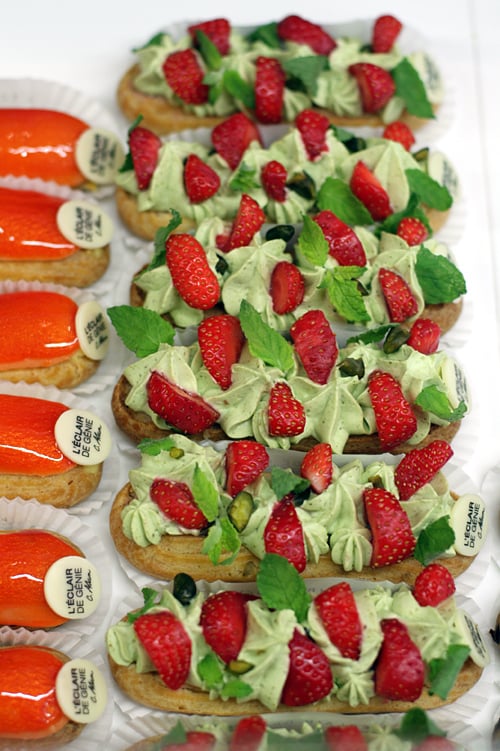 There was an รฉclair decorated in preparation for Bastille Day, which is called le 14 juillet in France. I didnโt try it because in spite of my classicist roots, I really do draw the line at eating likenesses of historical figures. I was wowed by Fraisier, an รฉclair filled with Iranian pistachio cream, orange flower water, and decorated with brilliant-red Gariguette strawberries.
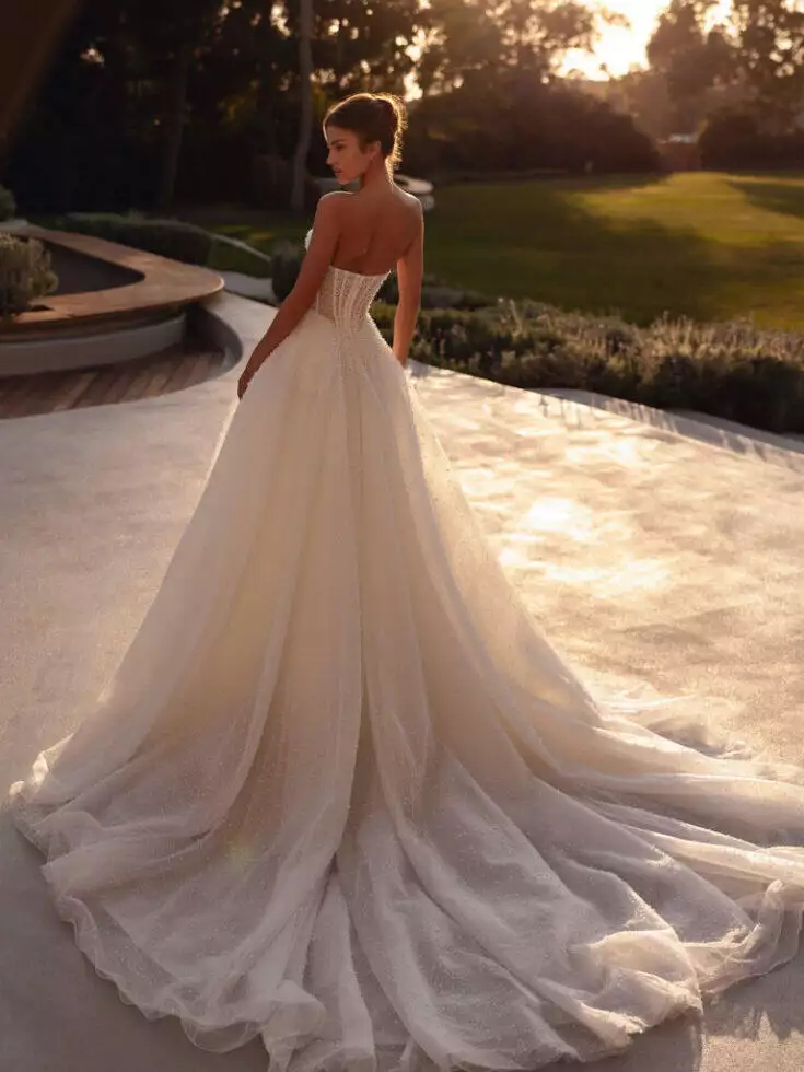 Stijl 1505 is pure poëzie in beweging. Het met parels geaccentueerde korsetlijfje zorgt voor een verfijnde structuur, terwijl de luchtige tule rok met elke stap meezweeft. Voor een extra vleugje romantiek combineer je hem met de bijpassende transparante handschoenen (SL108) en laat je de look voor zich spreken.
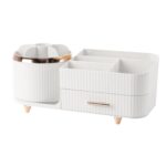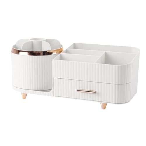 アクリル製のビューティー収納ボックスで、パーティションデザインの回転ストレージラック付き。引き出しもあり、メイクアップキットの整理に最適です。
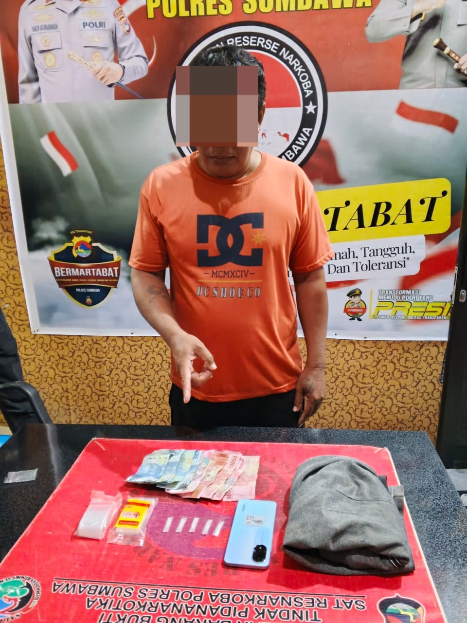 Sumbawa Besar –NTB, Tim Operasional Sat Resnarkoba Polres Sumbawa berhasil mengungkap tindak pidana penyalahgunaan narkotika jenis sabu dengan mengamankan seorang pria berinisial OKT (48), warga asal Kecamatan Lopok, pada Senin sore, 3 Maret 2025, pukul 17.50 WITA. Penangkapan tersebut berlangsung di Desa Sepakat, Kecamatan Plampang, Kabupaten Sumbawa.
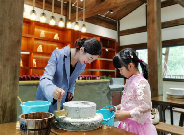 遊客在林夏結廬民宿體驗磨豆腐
· · · ·
* **Your instructions**: Give again, word for word, every line from the top of the data through the line with "アクリル製のビューティー収納", both ends included, and exclude the pictures.

* **Output for this task**:
 There was an รฉclair decorated in preparation for Bastille Day, which is called le 14 juillet in France. I didnโt try it because in spite of my classicist roots, I really do draw the line at eating likenesses of historical figures. I was wowed by Fraisier, an รฉclair filled with Iranian pistachio cream, orange flower water, and decorated with brilliant-red Gariguette strawberries.
 Stijl 1505 is pure poëzie in beweging. Het met parels geaccentueerde korsetlijfje zorgt voor een verfijnde structuur, terwijl de luchtige tule rok met elke stap meezweeft. Voor een extra vleugje romantiek combineer je hem met de bijpassende transparante handschoenen (SL108) en laat je de look voor zich spreken.
 アクリル製のビューティー収納ボックスで、パーティションデザインの回転ストレージラック付き。引き出しもあり、メイクアップキットの整理に最適です。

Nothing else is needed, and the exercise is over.